Option 2: Helm Installation

# Add Pixie Helm repo
helm repo add pixie https://pixie-operator-charts.storage.googleapis.com
helm repo update

# Create namespace
kubectl create namespace pl

# Install Pixie operator
helm install pixie pixie/pixie-operator-chart \
  --namespace pl \
  --set deployKey=<your-deploy-key> \
  --set clusterName=my-cluster

Option 3: Self-Hosted (Air-Gapped)

For environments without internet access:

# Deploy self-hosted Pixie cloud
git clone https://github.com/pixie-io/pixie.git
cd pixie

# Build and deploy (requires significant resources)
./scripts/deploy_cloud.sh

# Then deploy Vizier pointing to self-hosted cloud
px deploy --cloud_addr=<your-cloud-addr>

Verify Installation

# Check Pixie status
px get viziers

# Output:
# CLUSTER_NAME  ID          STATUS   LAST_HEARTBEAT
# my-cluster    abc-123     CS_HEALTHY   2s

# Check all pods are running
kubectl get pods -n pl

The PxL Query Language

PxL (Pixie Language) is a Python-like language for querying telemetry data:

# Basic structure of a PxL script
import px

# Get HTTP events
df = px.DataFrame('http_events')

# Filter and transform
df = df[df.resp_status >= 400]  # Only errors
df.latency_ms = df.resp_latency / 1000000  # Convert to ms

# Aggregate
df = df.groupby(['service', 'req_path']).agg(
    error_count=('latency_ms', px.count),
    avg_latency=('latency_ms', px.mean),
)

# Display results
px.display(df)

Key Data Sources

DataFrame	What It Contains
`http_events`	All HTTP requests/responses with full headers
`mysql_events`	MySQL queries with response times
`pgsql_events`	PostgreSQL queries with timing
`dns_events`	DNS lookups and resolutions
`conn_stats`	TCP connection statistics
`process_stats`	CPU, memory per process
`network_stats`	Network I/O per pod

Practical Use Cases

1. Find Slow Endpoints (No Instrumentation Needed)

import px

# Get all HTTP requests from the last 5 minutes
df = px.DataFrame('http_events', start_time='-5m')

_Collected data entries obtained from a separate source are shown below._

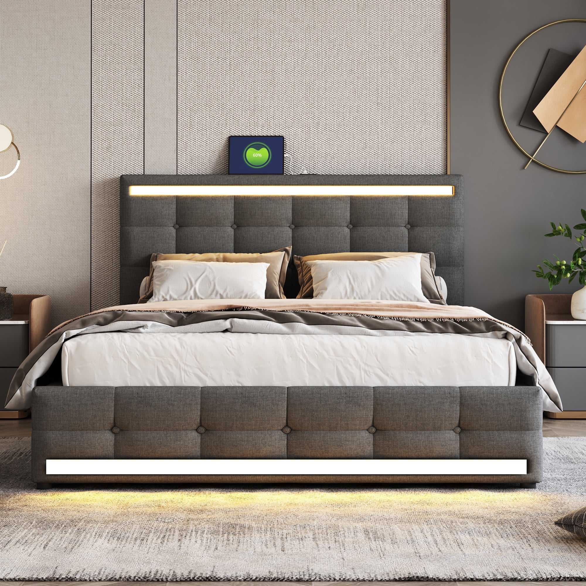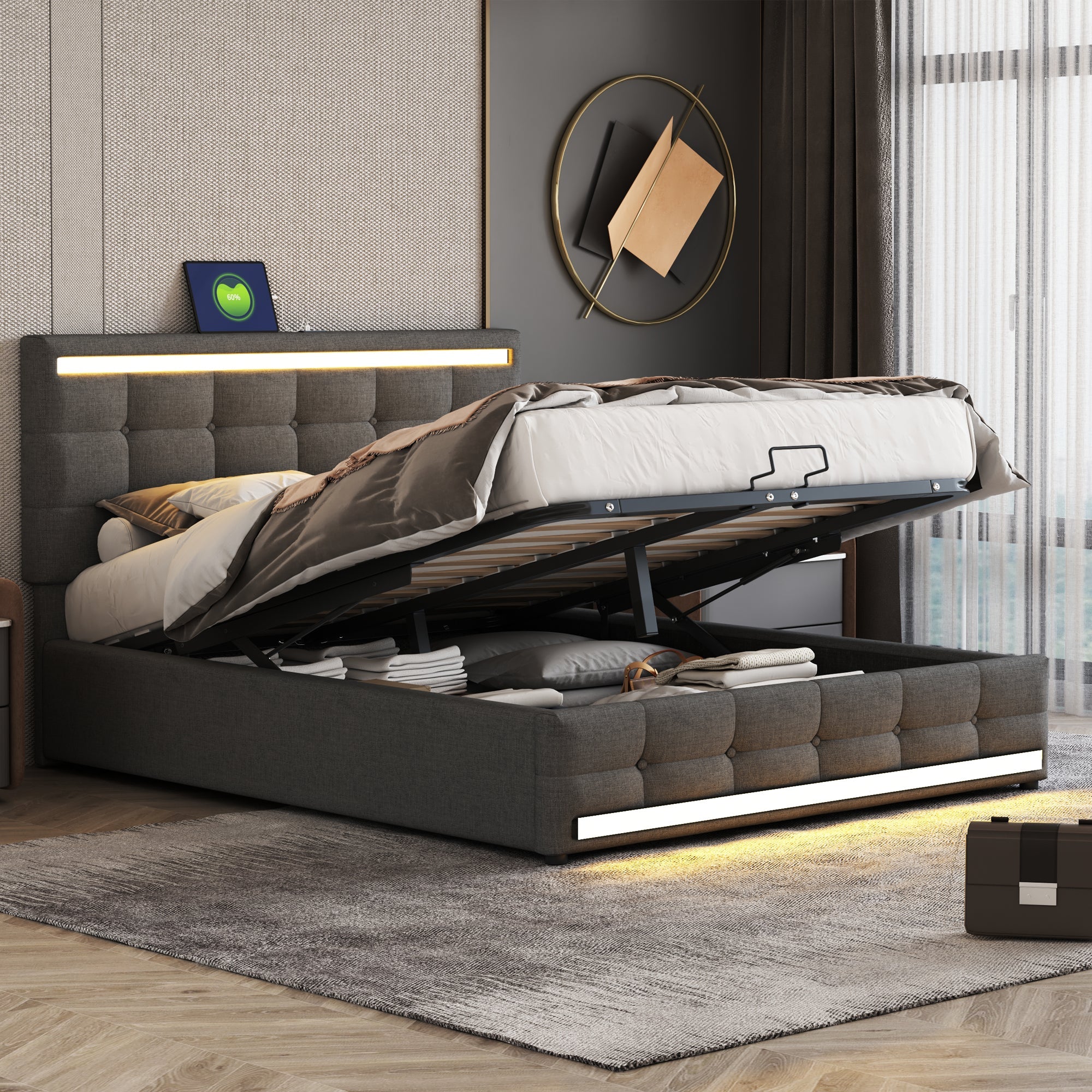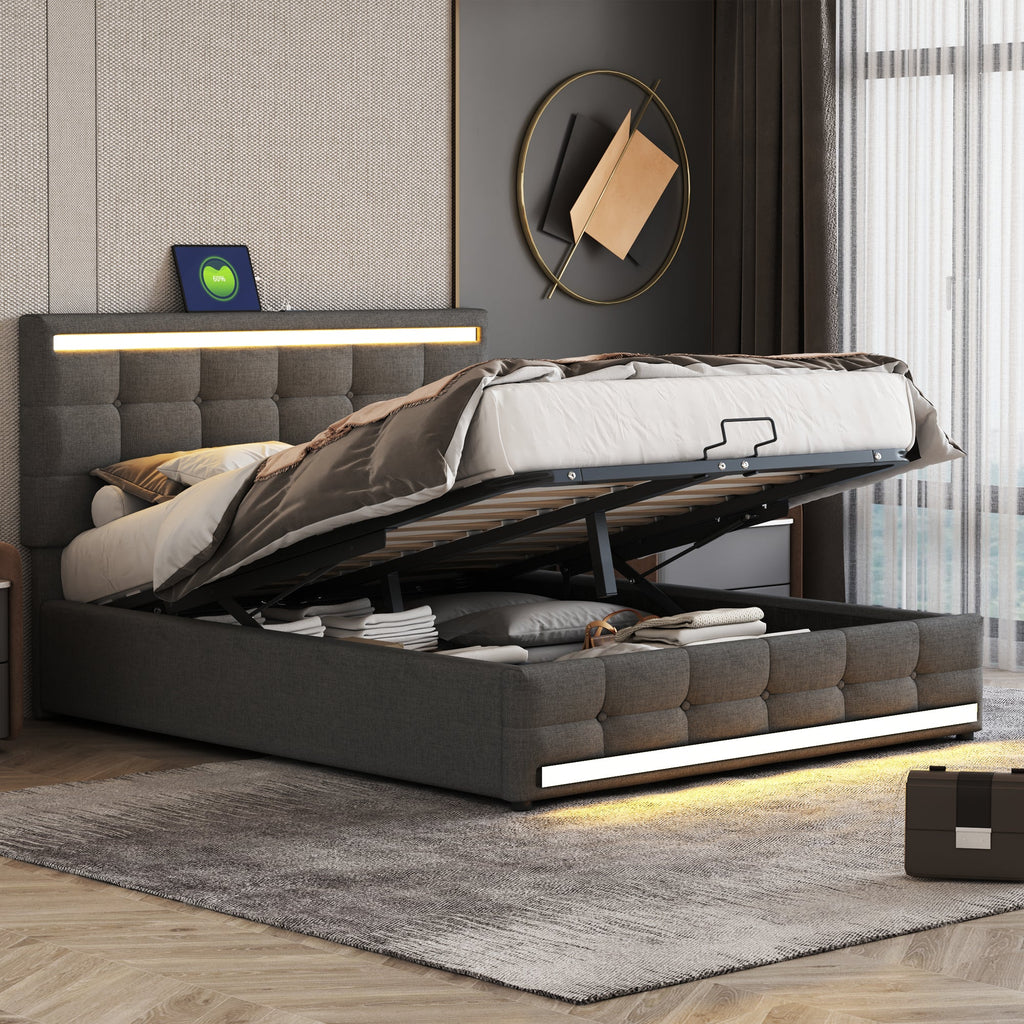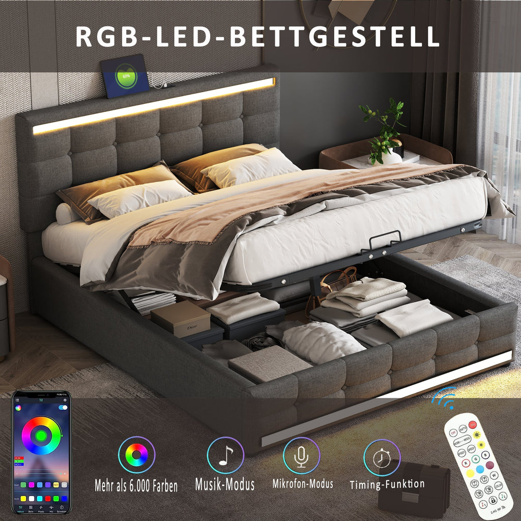 Upholstered Bed 140*200, LED Frame with Storage & USB, Adjustable Headboard, Linen Fabric Gray
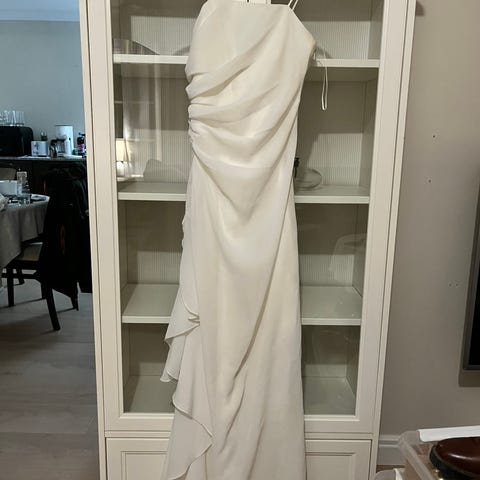 Jeg selger min brudekjole fra Judy Hansen’s Atelier, selv kjøpt brukt. Opprinnelig i størrelse 40, men sydd inn til en xs. Er 169 cm høy og brukte 7 cm høye sko. Den er renset etter bruk. Kjøper kan prøve kjolen før eventuell handel.
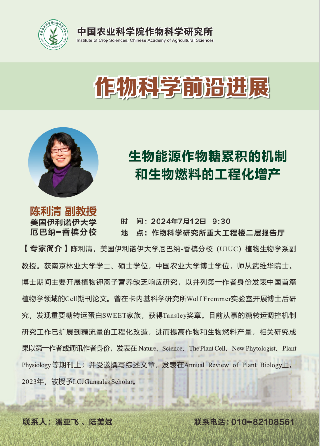 【作物科学前沿进展】陈利清 副教授,生物能源作物糖累积的机制和生物燃料的工程化增产
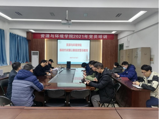 12月16日下午,资源与环境学院在实验楼E307召开廉政约谈暨以案促改警示教育会。院党政领导及全体党支部书记参加会议,会议由院党委书记高扬帆主持。
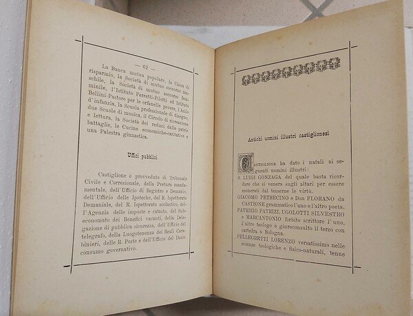 in-8, pp. 112, (4), bross. edit. con cop. fig. Con belle tavv. xilogr. raffiguranti una veduta di Castiglione, ritratti di uomini illustri, monumenti, etc. [451]
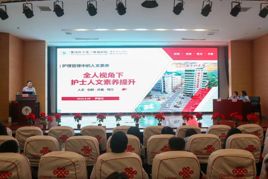 五官科護(hù)士長(zhǎng)尹姿文講授《全人視角下--護(hù)士人文素養(yǎng)提升》,通過(guò)工作中的感人事例,強(qiáng)調(diào)全人護(hù)理理念,探討護(hù)士如何提升人文素養(yǎng),包括倫理道德、溝通技巧、同理心培養(yǎng)等,旨在培養(yǎng)護(hù)士成為患者身心健康的全面關(guān)懷者。
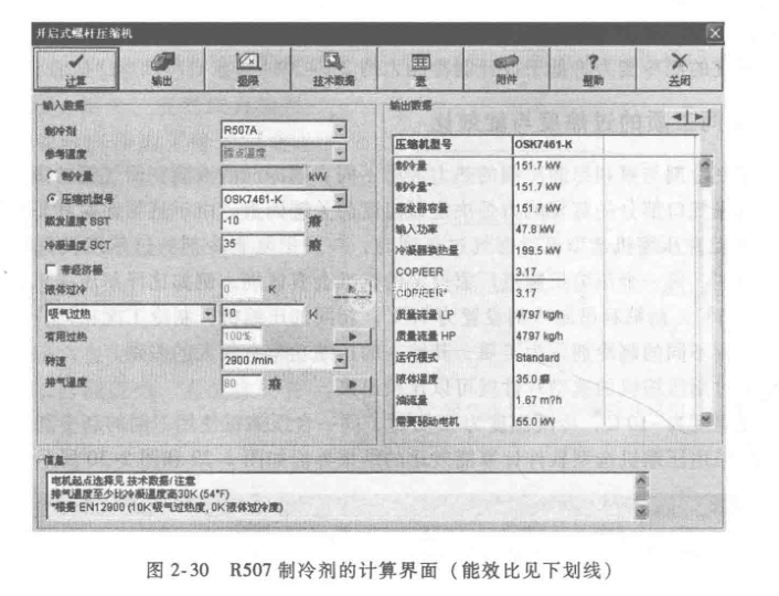 在蒸發溫度為-10℃,冷凝溫度為35℃時,同一臺壓縮機使用不同的制冷劑(氨和氟利昂R507)。采用壓縮機選型軟件計算能效比的結果界面如圖2-29和圖2-30所示。
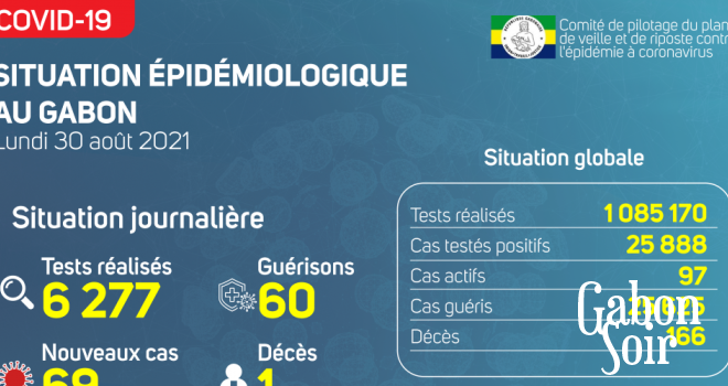 Nous avons enregistré 69 nouveaux cas positifs sur 6 277 tests réalisés, soit un taux de positivité de 1%, 28 personnes hospitalisées dont 11 en réanimation pour détresse respiratoire, 60 nouvelles guérisons et 01 nouveau décès à Libreville.
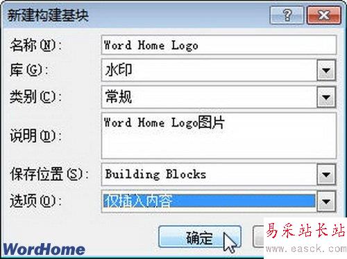 第2步,打開“新建構(gòu)建基塊”對(duì)話框,用戶可以自定義構(gòu)建基塊名稱,并選擇構(gòu)建基塊保存到的庫(kù)。默認(rèn)情況將保存到“文檔部件”庫(kù)中,當(dāng)然也可以選擇保存到“頁(yè)眉”、“頁(yè)腳”、“文本框”等庫(kù)中。選擇保存到哪個(gè)庫(kù),在使用該構(gòu)建基塊時(shí)就需要到相應(yīng)的庫(kù)中查找。其他選項(xiàng)保持默認(rèn)設(shè)置,并單擊“確定”按鈕,如圖2所示。
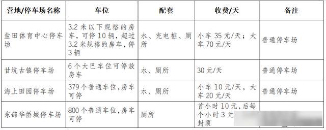 根据服务内容不同,每辆房车每天的停放价格分别从20元到600元不等。
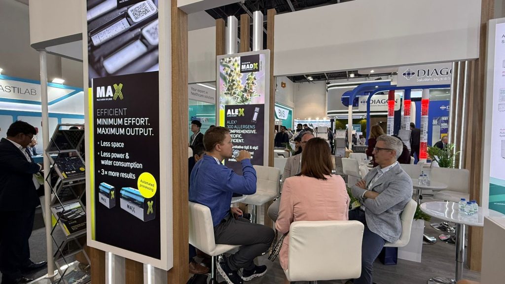 Visitors to the stand explored a wide range of diagnostic technologies designed to support everyday laboratory work. These included Eurospital EU Turbo, Vircell VirClia Lotus, FebriDx, Alegria 2, SD Biosensor TB kits, Lactofan, Bioneer ExiStation and ExiPrep, and Amplex Eazyplex. Demonstrating the systems in person opened space for honest conversations about daily challenges inside the lab, practical efficiency, and where diagnostic services across the region are heading.

# Calculate latency in milliseconds
df.latency_ms = df.resp_latency / 1000000

# Find the slowest endpoints
df = df.groupby(['service', 'req_path', 'req_method']).agg(
    count=('latency_ms', px.count),
    p50=('latency_ms', px.quantiles(0.5)),
    p99=('latency_ms', px.quantiles(0.99)),
    error_rate=('resp_status', lambda x: px.mean(x >= 400)),
)

# Filter to endpoints with significant traffic
df = df[df.count > 10]

# Sort by p99 latency
df = df.sort('p99', ascending=False)

px.display(df, 'Slowest Endpoints')

2. Trace a Specific Request

import px

# Find requests with specific trace ID (or any header)
df = px.DataFrame('http_events', start_time='-1h')

# Filter by a specific header or path
df = df[df.req_path.contains('/api/users/123')]

# Show full request/response details
df = df[['time_', 'service', 'req_method', 'req_path',
         'req_body', 'resp_status', 'resp_body', 'resp_latency']]

px.display(df)

3. Database Query Analysis

import px

# Analyze PostgreSQL queries
df = px.DataFrame('pgsql_events', start_time='-10m')

# Calculate query latency
df.latency_ms = df.resp_latency / 1000000

# Group by normalized query pattern
df = df.groupby(['service', 'req_body']).agg(
    count=('latency_ms', px.count),
    avg_latency=('latency_ms', px.mean),
    max_latency=('latency_ms', px.max),
)

# Find slow queries
df = df[df.avg_latency > 100]  # Queries averaging over 100ms
df = df.sort('avg_latency', ascending=False)

px.display(df, 'Slow PostgreSQL Queries')

4. Service Dependency Map

import px

# Build service-to-service communication map
df = px.DataFrame('http_events', start_time='-5m')

# Extract source and destination services
df.source = df.ctx['pod']
df.destination = df.remote_addr

# Count connections between services
df = df.groupby(['source', 'destination']).agg(
    request_count=('latency', px.count),
    avg_latency_ms=('resp_latency', lambda x: px.mean(x) / 1000000),
    error_count=('resp_status', lambda x: px.sum(x >= 400)),
)

px.display(df, 'Service Dependencies')

5. Network Troubleshooting

import px

# Find network issues - DNS failures, connection errors
df = px.DataFrame('dns_events', start_time='-5m')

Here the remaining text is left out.